== DATA FOR THIS TASK ==
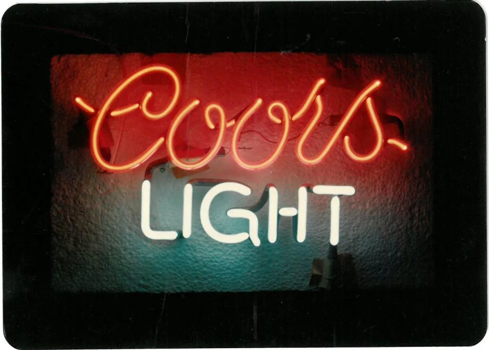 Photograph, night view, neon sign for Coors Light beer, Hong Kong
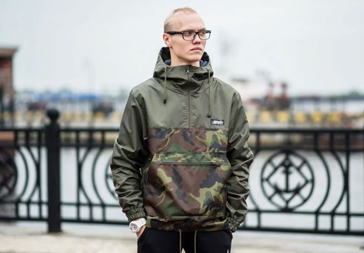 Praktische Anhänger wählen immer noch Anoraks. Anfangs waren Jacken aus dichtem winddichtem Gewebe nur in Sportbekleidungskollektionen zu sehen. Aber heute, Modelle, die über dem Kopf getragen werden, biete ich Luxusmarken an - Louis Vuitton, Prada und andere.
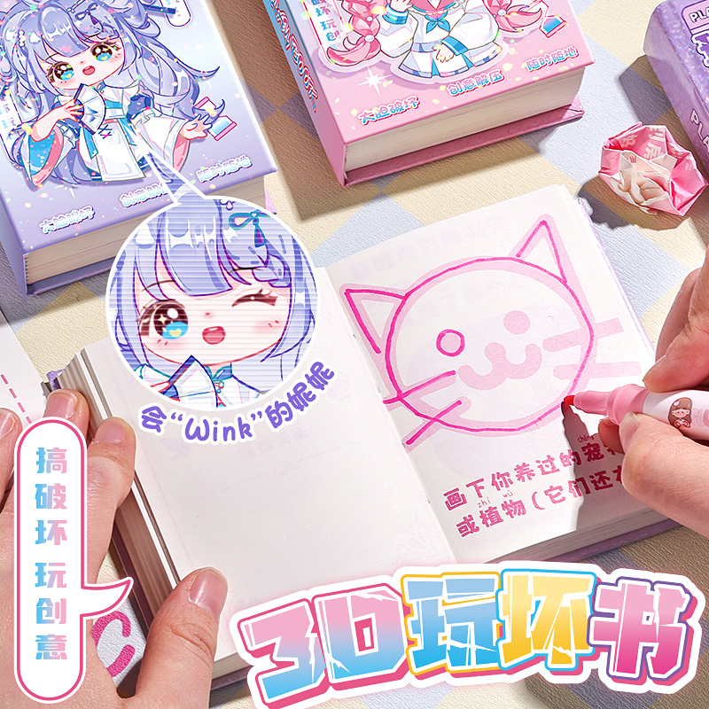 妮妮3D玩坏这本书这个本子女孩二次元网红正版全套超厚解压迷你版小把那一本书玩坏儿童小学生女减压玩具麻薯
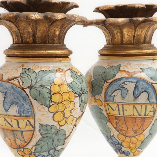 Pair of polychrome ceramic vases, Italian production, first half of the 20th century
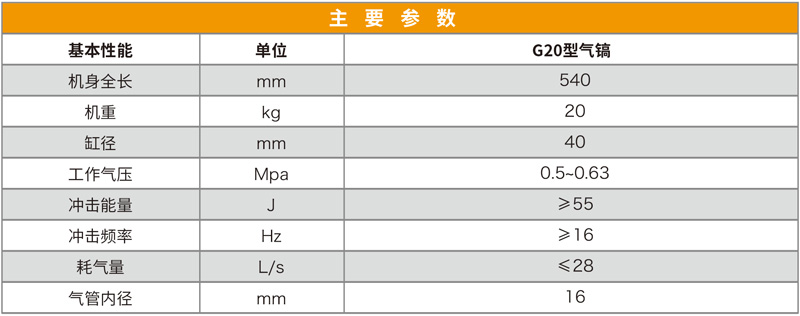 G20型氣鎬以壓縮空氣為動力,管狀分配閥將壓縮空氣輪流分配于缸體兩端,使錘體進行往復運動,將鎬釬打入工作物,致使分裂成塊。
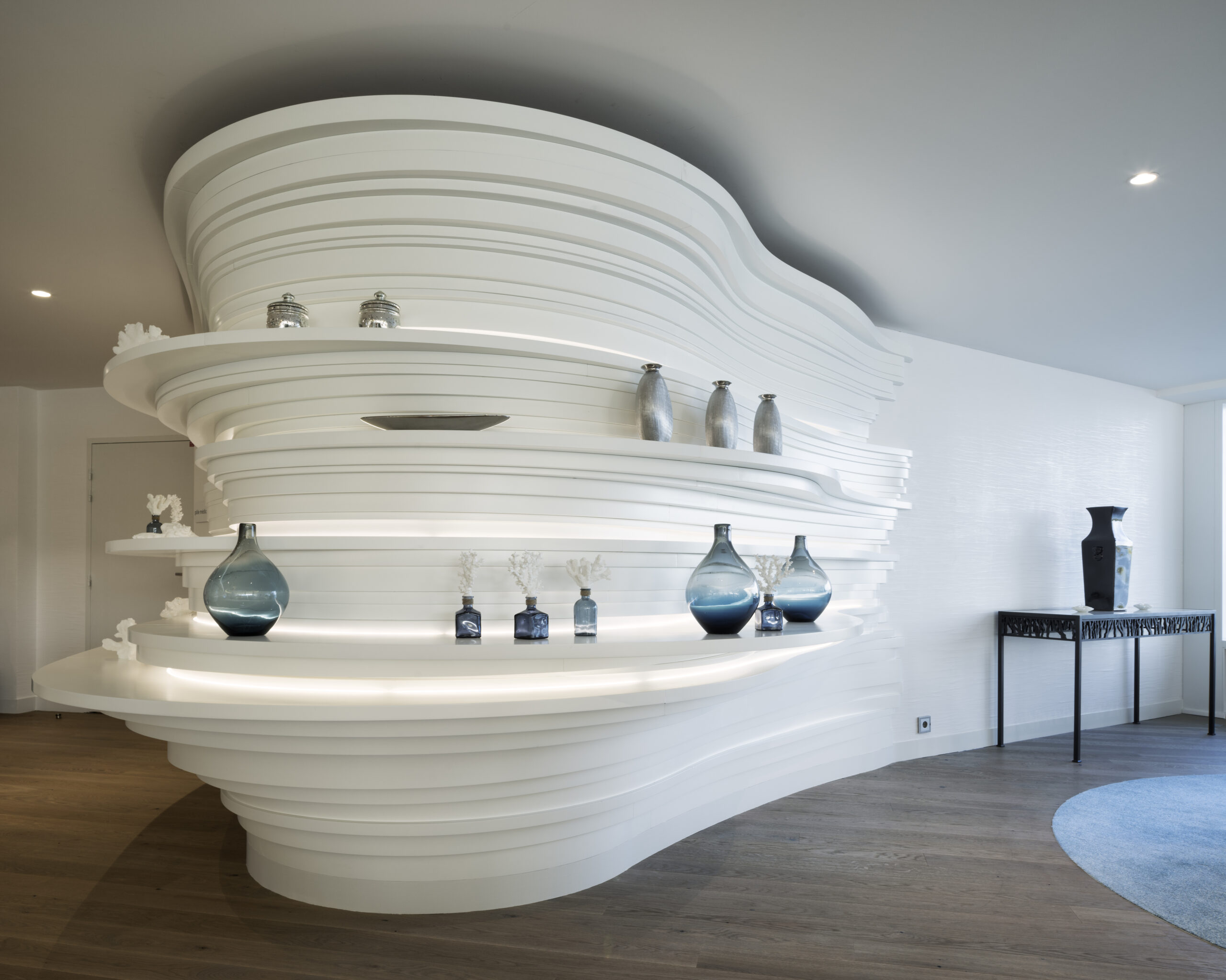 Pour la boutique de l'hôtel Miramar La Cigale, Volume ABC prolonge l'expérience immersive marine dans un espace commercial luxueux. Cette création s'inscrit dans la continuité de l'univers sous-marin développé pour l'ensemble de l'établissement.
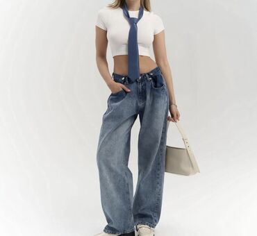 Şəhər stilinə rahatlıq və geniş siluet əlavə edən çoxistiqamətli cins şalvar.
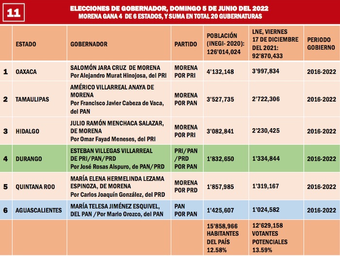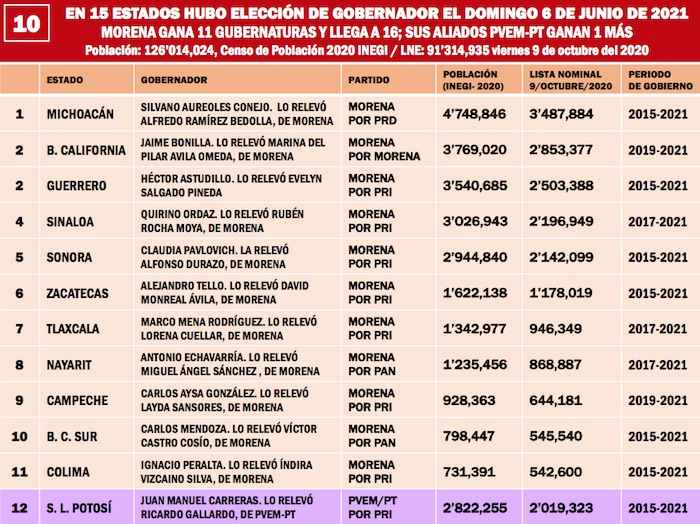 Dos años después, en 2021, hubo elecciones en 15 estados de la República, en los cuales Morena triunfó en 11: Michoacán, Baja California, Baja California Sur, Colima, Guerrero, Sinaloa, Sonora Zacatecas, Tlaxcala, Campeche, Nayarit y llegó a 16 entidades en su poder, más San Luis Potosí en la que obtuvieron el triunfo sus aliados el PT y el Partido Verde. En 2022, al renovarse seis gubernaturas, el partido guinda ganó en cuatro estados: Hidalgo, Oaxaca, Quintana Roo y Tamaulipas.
===
== DATA FOR THIS TASK ==
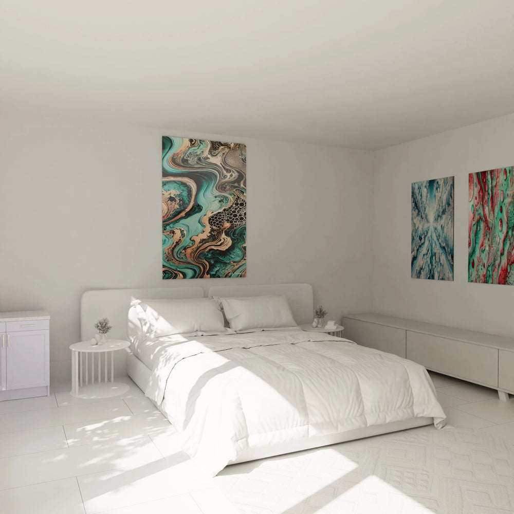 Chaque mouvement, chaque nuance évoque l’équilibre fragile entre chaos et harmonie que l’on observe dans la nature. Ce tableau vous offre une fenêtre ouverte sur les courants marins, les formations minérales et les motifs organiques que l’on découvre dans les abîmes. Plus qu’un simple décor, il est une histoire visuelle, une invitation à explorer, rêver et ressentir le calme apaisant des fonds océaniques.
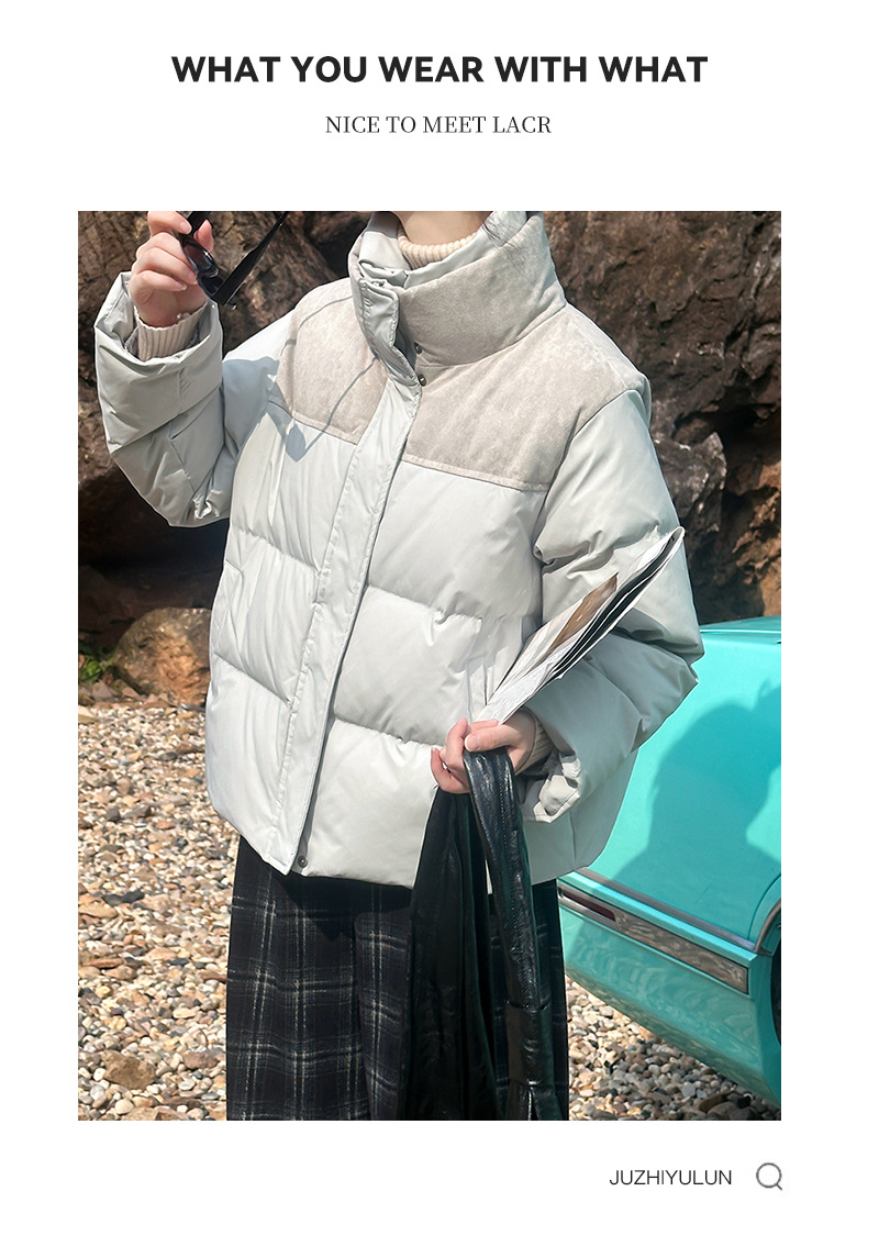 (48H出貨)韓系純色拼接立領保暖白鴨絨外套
===
• **TASK STATEMENT**: In the entries above, which lines run from the one with "Şəhər stilinə rahatlıq" up to and including the one with "Dos años después, en"? Write them out exactly, without the pictures.

• **ANSWER TO THE PROBLEM**:
 Şəhər stilinə rahatlıq və geniş siluet əlavə edən çoxistiqamətli cins şalvar.
 Dos años después, en 2021, hubo elecciones en 15 estados de la República, en los cuales Morena triunfó en 11: Michoacán, Baja California, Baja California Sur, Colima, Guerrero, Sinaloa, Sonora Zacatecas, Tlaxcala, Campeche, Nayarit y llegó a 16 entidades en su poder, más San Luis Potosí en la que obtuvieron el triunfo sus aliados el PT y el Partido Verde. En 2022, al renovarse seis gubernaturas, el partido guinda ganó en cuatro estados: Hidalgo, Oaxaca, Quintana Roo y Tamaulipas.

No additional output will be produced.